Economics Professor Poorer than Sewage Workers

Tomohiko Taniguchi (Editor at Large, Nikkei Business Publications)


Something is apparently wrong with Japan's college education system. Unless the missing link between academic accomplishments and financial rewards is fully restored, there remains little incentive for college professors to be more academically productive than they are now.

A moral hazard noticeable amongst professors at nationally run universities is that their annual compensations are so low while their job security is on such firm ground that many of them simply give up being aggressive in the pursuit of their studies.

Let us take the example of a Professor at a relatively well-known national university who, over a couple of glasses of beer the other night, bluntly declared, "Studies? What studies? I do none". It was not necessarily a joke, for his financial situation deserves not admiration but rather sympathy. His annual compensation including everything, from tax and bonuses to reimbursements for book purchases and travel expenses, totals only 11.57 million JPY - that is 106,000 USD, or 61,000 GBP. For a 53-year-old tenured economics professor, this is far from sufficient to sustain his household if he is the sole breadwinner, which the professor happens to be.

With this allowance, he may well be able to make two or three return trips from Tokyo to Osaka in a year, but not a single overseas trip. He regrets that he cannot subscribe to the Financial Times, as doing so would cost him too much, let alone subscribing to database services, like Factiva.com or LexisNexis. He has in vain requested to the administrators that the university as a whole subscribes to one of those services. Under the gradual, though steady belt-tightening that has been going on amongst nationally owned universities, buying the kind of services that would benefit only a handful of professors tends to be regarded as unworthy. It is little wonder that he says advancing his studies is almost a luxury.

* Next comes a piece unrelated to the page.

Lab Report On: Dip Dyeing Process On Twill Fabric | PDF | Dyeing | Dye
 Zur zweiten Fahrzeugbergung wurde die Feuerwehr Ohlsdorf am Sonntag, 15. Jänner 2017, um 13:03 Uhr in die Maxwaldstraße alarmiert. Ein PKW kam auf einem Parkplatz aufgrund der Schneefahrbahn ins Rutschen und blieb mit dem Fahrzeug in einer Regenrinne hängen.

Could he then work as, for instance, a non-executive board member in the corporate world to compensate his income? Could he go on strike as a union member, urging the university to pay them more? Neither is possible because he is a government employee, whose moonlighting is explicitly prohibited and basic worker's rights suspended.

So much for the poor remuneration a senior-level professor has to endure. The flip side of the coin, however, is that as a government employee, his job security is so firmly assured that no one is entitled to fire him. Equally, neither the president of the university nor the dean of his school can demote him, even if his academic performance is below par. This is because the system that has become fossilised amongst private businesses, namely seniority rule under the lifetime employment system, remains intact amongst government employees, including those professors at nationally run universities.

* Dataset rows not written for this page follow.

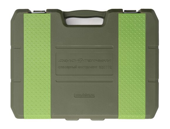 Корпус набора инструмента 1/2, 1/4 72 предмета ДТ/4 Дело Техники 620772 из хромванадиевой стали, которая обладает повышенной прочностью и долгим сроком службы.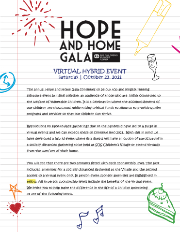 The annual Hope and Home Gala continues to be our top and longest running signature event bringing together an audience of those who are highly committed to the welfare of vulnerable children. It is a celebration where the accomplishments of our children are showcased, while raising critical funds to allow us to provide quality programs and services so that our children can thrive.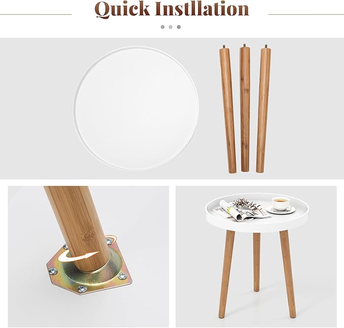 - Durable & Sturdy Structure: This side table is constructed of a wood tray and 3 triangular bamboo legs, which ensures long-lasting durability and super load-bearing capacity. It can bear a maximum load of 11LBS. More, the high quality screw keeps it more stable without shaking.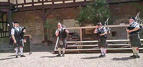 Seit einigen Jahren üben jeden Dienstag in der Kreisvolkshochschule in Sangerhausen die schottlandbegeisterten Dudelsackspiele unter der Leitung von Karsten Reichelt. Nachdem nun schon einige typische schottische und irische Lieder und Märsche zu unserem Repertoire gehören, gründeten wir vor knapp einem Jahr unsere Dudelsackband Barbarossa Pipes & Drums.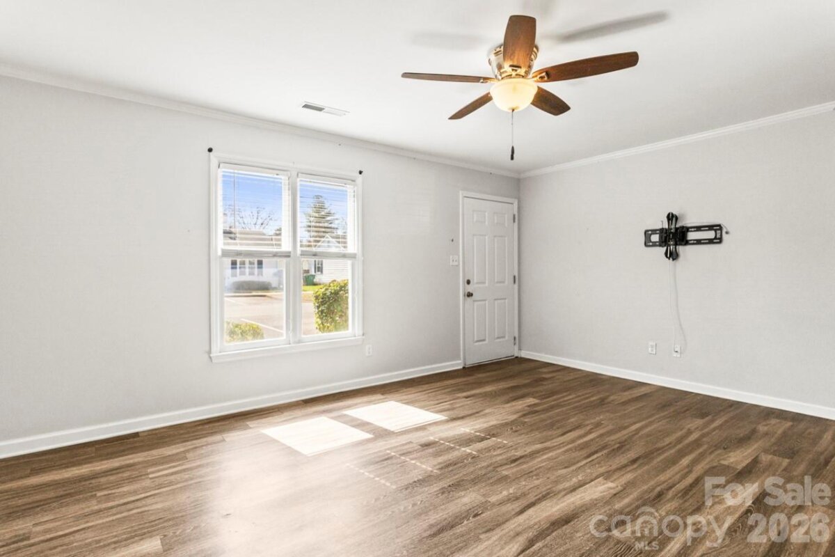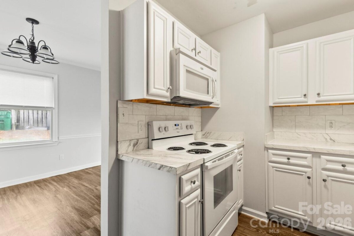 Rare opportunity to own a single-story townhome in a rapidly growing Charlotte location, offering the ease of one-level living with added privacy rarely found in attached homes. Built in 1989 and thoughtfully updated approximately seven years ago, this residence blends low-maintenance living with modern touches. The interior renovation included durable wood-look laminate flooring throughout the main living areas, with tile flooring in the bedrooms, creating a completely carpet-free home that is both stylish and practical. The kitchen was updated with raised-panel white cabinetry, tile backsplash, and white appliances, providing a bright and functional space for everyday living. The primary bedroom features a centrally located vanity area, while the adjoining bath offers a garden tub and shower combination, creating a comfortable retreat. The second bedroom sits conveniently adjacent to the second full bath, making the layout ideal for guests, roommates, or a home office. Outdoor living is enhanced by a private patio area with additional privacy compared to many units, along with a dedicated exterior storage room for added convenience. The surrounding community features a unique mix of single-family homes and townhomes, creating a neighborhood feel that stands apart from more densely developed townhome communities. Located in one of Charlotte’s high-growth corridors, this home benefits from continued development, expanding amenities, and convenient access to shopping, dining, and major commuter routes, making it an excellent opportunity for homeowners or investors seeking value in a thriving area.

What emerges consequently is a total lack of rewards and incentives, leading many professors to abandon their ambitions of aggressively advancing their own studies. This reminds me of what it was like under the Soviet rule in Russia.

Given the huge proportion national universities have within Japan's college education system, the problem described thus far is too big to ignore. The economics professor, whose annual paycheque barely reaches 12 million JPY, was once insulted to learn that some local municipalities, with different systems of compensation, are rewarding sewage workers with exactly the same amount of money, 12 million JPY.